TASK TO CARRY OUT: Beginning with the line that holds "Organizing shouldn't be", copy each line exactly through the end of the entries, but leave the pictures out.

INPUT DATA:
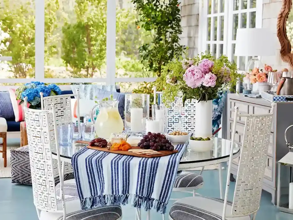 The feeling here is pure joy and summer relaxation. You can easily elevate your outdoor meals by using real cloth napkins and a coordinated tablecloth instead of paper products.
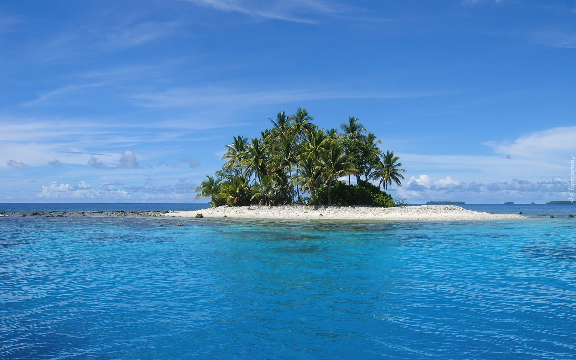 Edytor tapety: Wysepka, Palmy, Błękit, Morza
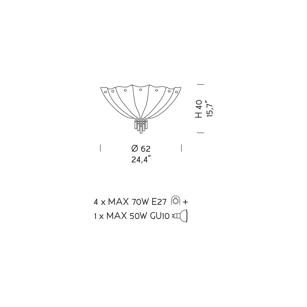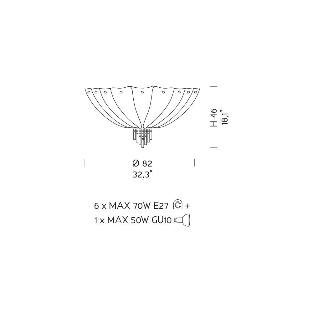 Ampoules (non incluses) : 5/7 x MAX 70W E27 + 1 x MAX 50W GU10
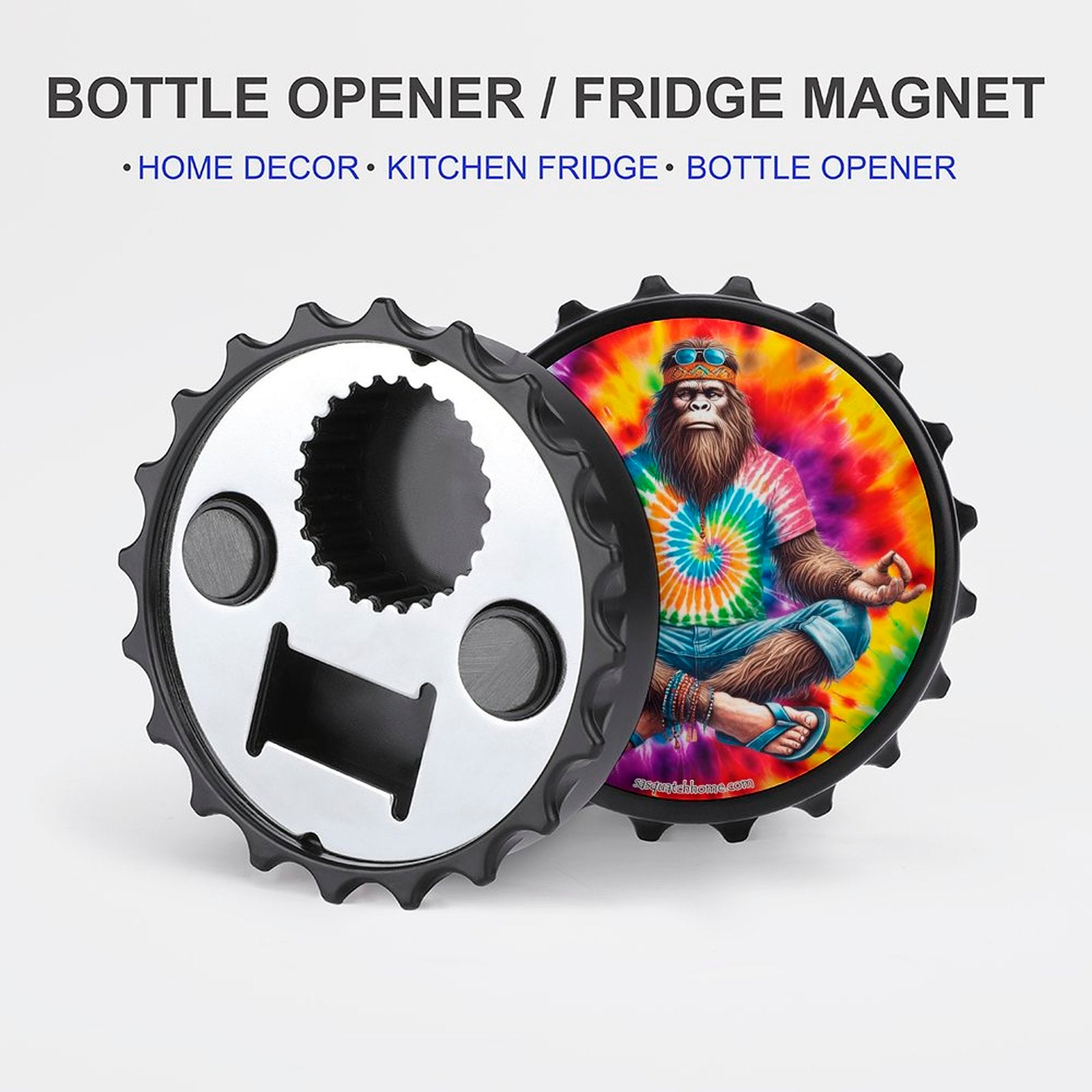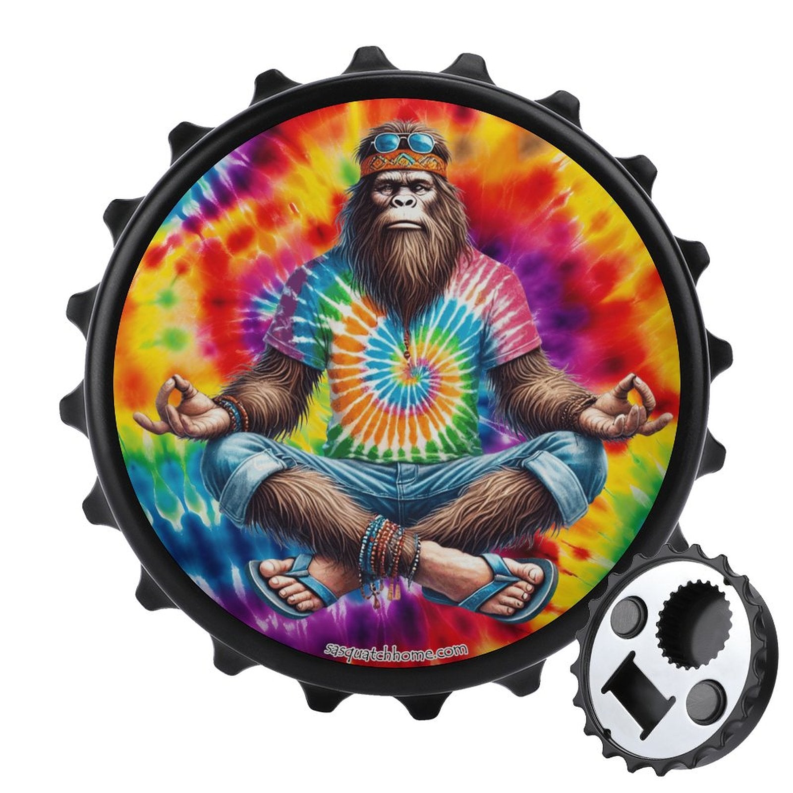 Bigfoot / Sasquatch Yoga, Zen, 3” Magnetic Can Opener / Coaster / Fridge Decor
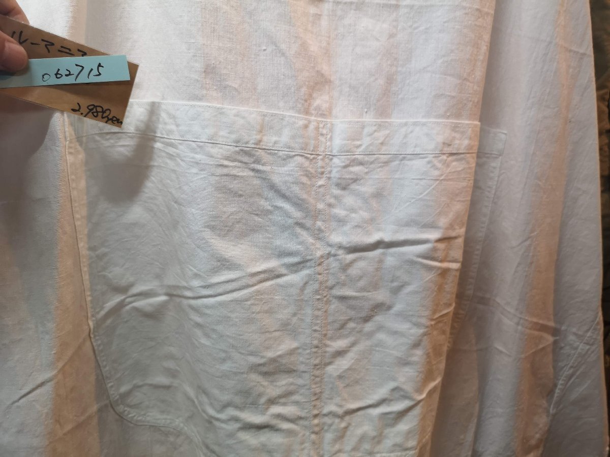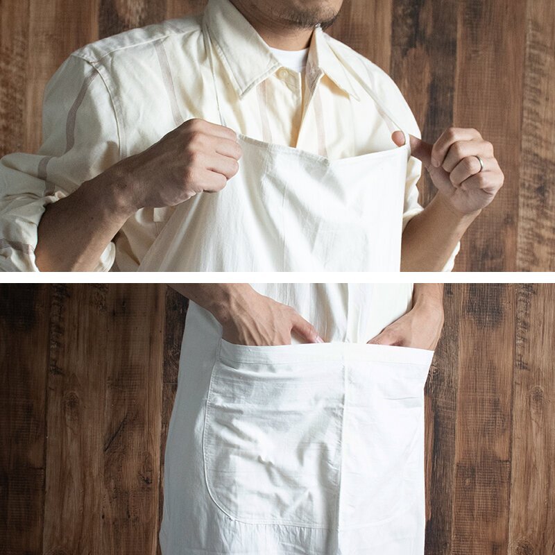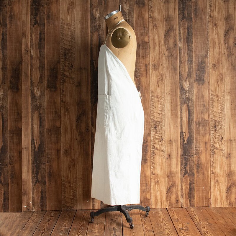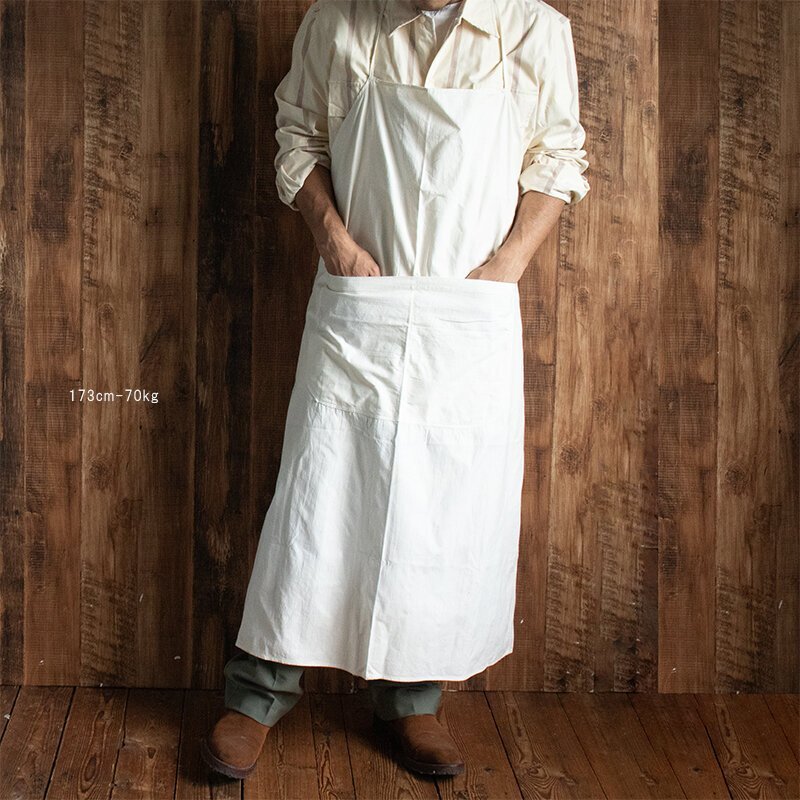 フロント部分に大きなポケットがついたシンプルなエプロンです。 リネン素材のため、ナチュラルな風合いとやさしい肌ざわりが特徴です。 使うほど、洗うほどに手や肌に馴染んで使い心地がさらに良くなっていきます。 大きなポケットがデザインとしてかわいらしいだけでなく、キャンプや庭作業での実用性も兼ね備えております。7枚目までの写真は流用です。 ●サイズ 縦:約90cm~109cm×横:約73cm~96cm(広げた状態のエプロン最長部) ●素材:コットン/リネン ●状態:デッドストック(未使用品ですが長期にわたり倉庫にて保管されていた商品)の為、日焼けがある場合があります。 沖縄離島を除くネコポス便200円でお送りいたします、落札価格にプラスでお願いいたします。
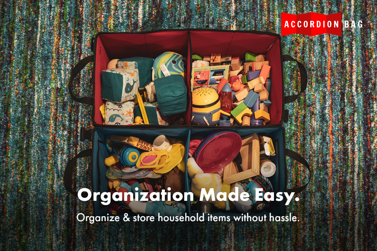 Organizing shouldn't be a hassle. Compared to plastic bins, Accordion Bag is equally sturdy but safer because of lack of small plastic bits from breaking. It can used to store household items or even children's toys.
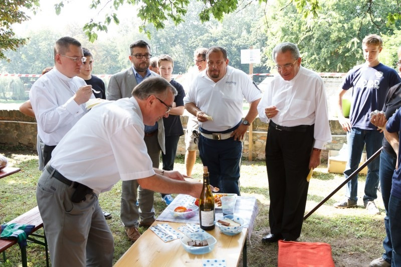 Mindeközben már készült a pincepörkölt az egyházmegyei főzőverseny résztvevőinek üstjeiben, melyet délben Pápai Lajos vezetésével végigkóstolt a spontán alakult zsűri. Idén a csornai Rákóczi-iskola csapata nyert, a dobogóra pedig a győri Apor-iskola, valamint holtversenyben harmadikként a győri Prohászka-iskola és a győri Szentlélek-templom ministránsai léphettek fel.
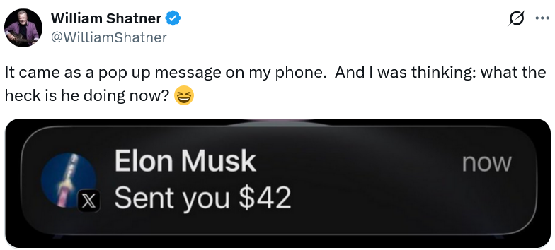 夏特纳将马斯克赠与的42美元转化为慈善募捐活动。经X平台授权,他先后拍卖了42个及166个测试邀请名额,每个名额标价1000美元。中标者除获得X提供的25美元欢迎礼品卡外,还将收到马斯克最初赠予夏特纳的1美元款项。
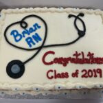 If you’re tight on time, you can order an 8-inch round 24 hours in advance— or, we also have 9×13 sheet cakes in our cases, ready to buy at any time. Also available anytime are our 6-inch round cakes, which are lovingly decorated by our special needs employees! All of these options can be personalized with your own lettering.

ANSWER BELOW:
 Organizing shouldn't be a hassle. Compared to plastic bins, Accordion Bag is equally sturdy but safer because of lack of small plastic bits from breaking. It can used to store household items or even children's toys.
 Mindeközben már készült a pincepörkölt az egyházmegyei főzőverseny résztvevőinek üstjeiben, melyet délben Pápai Lajos vezetésével végigkóstolt a spontán alakult zsűri. Idén a csornai Rákóczi-iskola csapata nyert, a dobogóra pedig a győri Apor-iskola, valamint holtversenyben harmadikként a győri Prohászka-iskola és a győri Szentlélek-templom ministránsai léphettek fel.
 夏特纳将马斯克赠与的42美元转化为慈善募捐活动。经X平台授权,他先后拍卖了42个及166个测试邀请名额,每个名额标价1000美元。中标者除获得X提供的25美元欢迎礼品卡外,还将收到马斯克最初赠予夏特纳的1美元款项。
 If you’re tight on time, you can order an 8-inch round 24 hours in advance— or, we also have 9×13 sheet cakes in our cases, ready to buy at any time. Also available anytime are our 6-inch round cakes, which are lovingly decorated by our special needs employees! All of these options can be personalized with your own lettering.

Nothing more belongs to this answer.